Friday, December 17, 2010

Lord of Misrule

By Jaimy Gordon

Kingston, NY, McPherson, 2010

Week 51 Fiction

It made the headlines of the local newspaper. A creative writing professor at Western Michigan University in Kalamazoo had won the National Book Award for Lord of Misrule. My ears, of course, perked up. Ah, another book for my list. Last year, two local authors had made the nomination list—Bonnie Jo Campbell for American Salvage and David Small for Stitches. (Both of those books are reviewed on these pages.)

About a week later, Jaimy Gordon appeared for a reading at the downtown library, and I was in attendance. At that point, I knew nothing of the book and nothing about the author, except that the book was published by a very small publishing company and that Jaimy Gordon had been Bonnie Jo Campbell’s teacher.

The story of the creation of Lord of Misrule is almost as interesting as the book itself. For a few years in the late 1960s, Gordon worked at a race track near Baltimore as a horse groom. She wrote a draft or two of the novel in the years following the experience, published a couple of other books, and then submitted this book to the publisher of a previous book. The publisher rejected it, and she put it away in a drawer, taking it out only to make a short story out of a couple of the chapters. It languished in her drawer for 10 years, “a huge lump standing in the way of me and progress.”

Finally, this year, Bruce McPherson, who had published another of her books, forced the book out of her drawer and submitted it in galley form to the National Book Awards committee. The rest, as they say, is history.

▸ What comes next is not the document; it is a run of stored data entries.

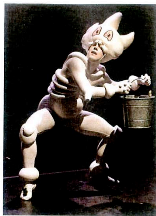
Sesom dancing.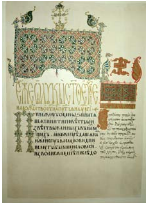
Fig. 1c) The first page of St Luke's Gospel, fol. 145 r John's Gospel, fol. 236 r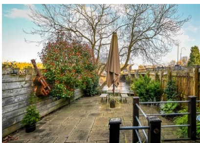
45 Cartway, Bridgnorth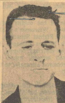
James Earl Ray ... 1966 photo

Galt seemingly was a tree spender. Aside from the dancing lessons, which cost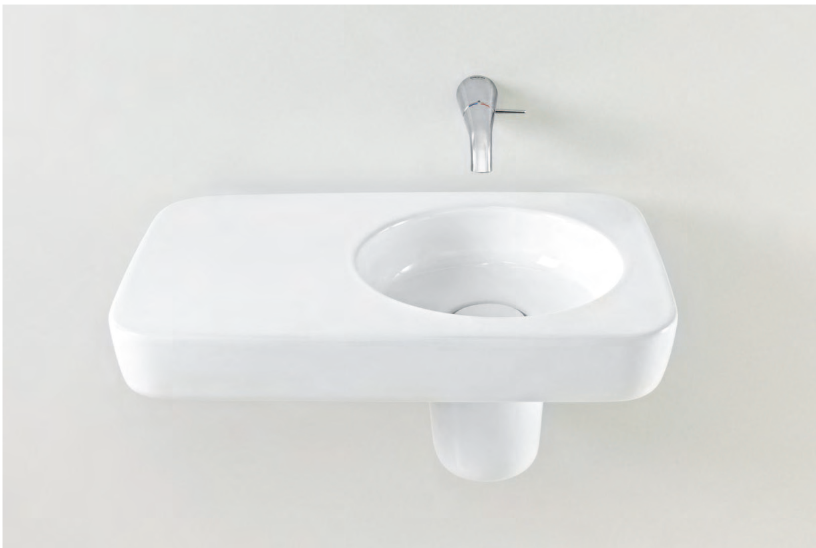
wall basin mixer CMN92001C5A wall basin left hand shelf CMN869500W shroud CMN869350W wall basin right hand shelf CMN869400W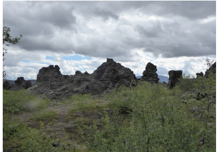
We made a detour to Dimmuborgir .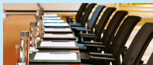
D&O / EPLI Program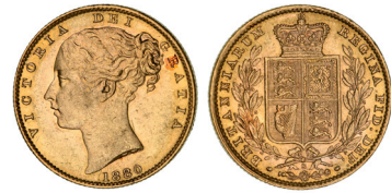
1939* Queen Victoria, 1880 Sydney. Extremely fine.

Ex Noble Numismatics Sale 77 (lot 1327).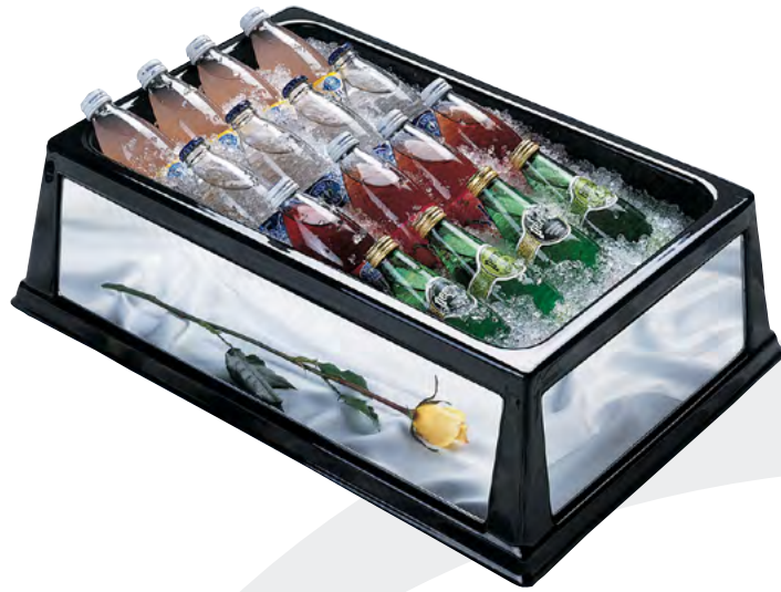
Beverage Bins (#297)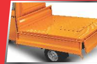
XTRA STRONG PLATFORM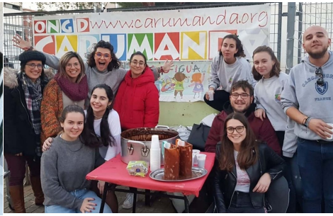
"Chocolatada" for Projects

And now, on to the book, itself. I have to say that I had trouble making sense out of Lord of Misrule. I have no prior experience with racetracks, horses, loan sharks, groomers, or any other part of the scene, so the learning curve was severe. However, about half way through, it all began to click, and I gave up the struggle and immersed myself in the jargon, the plot movement, and the characters.

The book is divided into four parts, each named for one of the horses in the stables of the Indian Mound Downs racetrack in West Virginia. Over the course of a year, the horses are involved in four races, and there are four main characters as well; an old African American groom, a “gypsy” woman owner and trainer, and a young couple trying to make a living as horse owners. Maggie, a college-educated “frizzy haired” girl could easily be a stand-in for the author. Her boyfriend, the horse owner, is a con man in training. Over the course of a year, these horses and these people are involved in racing, feuding, fighting and death.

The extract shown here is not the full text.